Minnesota is selling the rights to mine peat out of protected wetlands and state-owned forests for as little as $11.85 an acre, even as taxpayers spend up to 250 times that amount to restore previously degraded peatlands.
Taxpayers could spend up to $3,000 an acre on peatland restoration as state and federal agencies begin ambitious reclamation projects next year. The Environmental Protection Agency recently gave Minnesota $20 million to restore up to 10,000 acres of the bogs that form peat, because of their unique importance to rare wildlife, water quality and, most of all, greenhouse gas emissions.
State lawmakers also set aside $9 million to restore several thousand acres of peat.
The same agency that will help lead the restoration work, the Minnesota Department of Natural Resources, is selling the right to mine peat on 8,194 acres of public lands for a total of $127,604 a year.
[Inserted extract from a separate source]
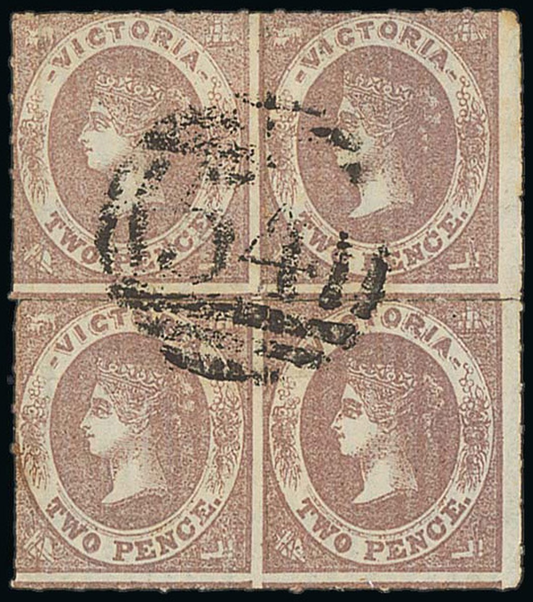 2d. brown-lilac block of four with clear roulettes, centrally cancelled by Barred Numeral "54" (Kilmore), some re-inforcement to roulettes, fine. The largest recorded used multiple. S.G. 69a. Photo

Many of the peat mines are on state School Trust Lands, where the DNR is required by state law to “secure the maximum long-term economic return ... with sound natural resource conservation and management principles.” The money raised from those lands is split among public school districts and charter schools across the state.
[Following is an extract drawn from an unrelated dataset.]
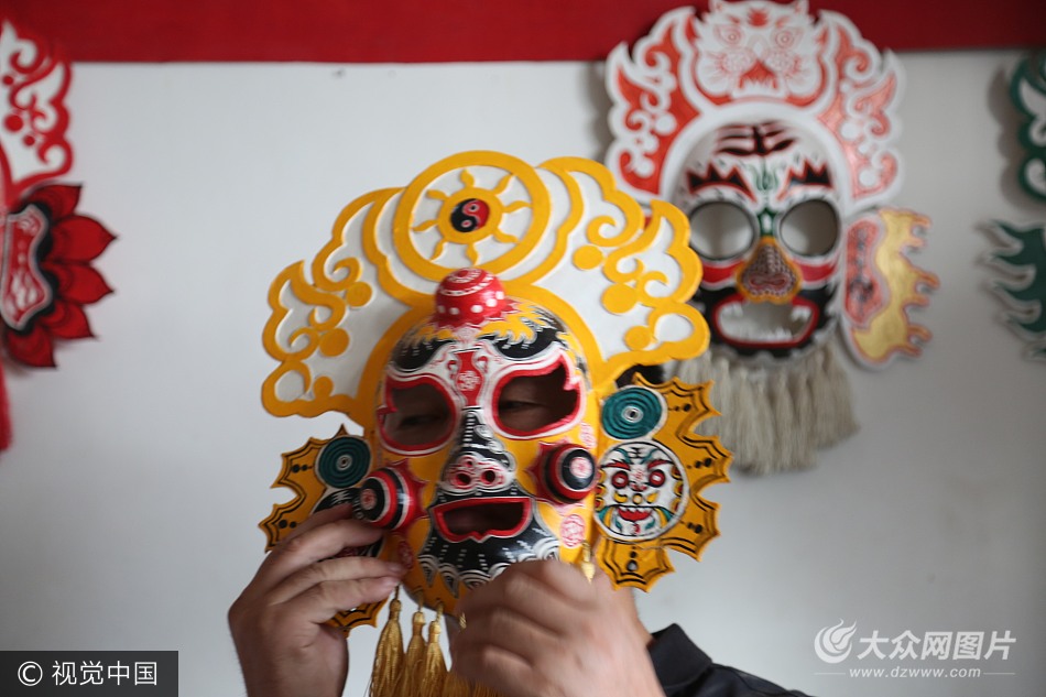 2017年8月1日,在山東濟(jì)南天橋區(qū)萬盛街社區(qū),40多歲的侯志新師傅在家中掛忙了數(shù)百個(gè)候氏社火臉譜。稱自己十分喜歡癡迷畫社火臉譜,并且是第六代氏社火臉譜傳人,10余年時(shí)間在家中畫了有1萬余個(gè)社火臉譜,并且免費(fèi)收徒都有千余名了。

Chris Lenhart, a professor and wetlands restoration expert at the University of Minnesota, laughed when told what the state charged for its peat mining rights: “That is a mismatch, for sure.”
Joseph Henderson, director of the DNR’s Lands and Minerals Division, said the agency considers a bigger picture than just the dollars per acre when it negotiates with mining companies.
“We have an incredibly small amount of [peatland] that is commercially viable,” he said. “We listen to the counties, and they want these rural jobs. A lot of these are mom and pop operations with maybe a dozen employees, and they want them in the community.”
Minnesota’s peatlands formed some 10,000 years ago, after the last glaciers receded and plants sprouted in the cold, wet earth left behind. The soil in the bogs and fens was too wet and oxygen-starved for matter to fully decompose. So all the starry-shaped mosses and black spruce trees, the tamaracks and carnivorous yellow flowers that grew up, blossomed and died formed layers of peat — a muck-like mass of all the semi-decomposed organic material built up over millennia.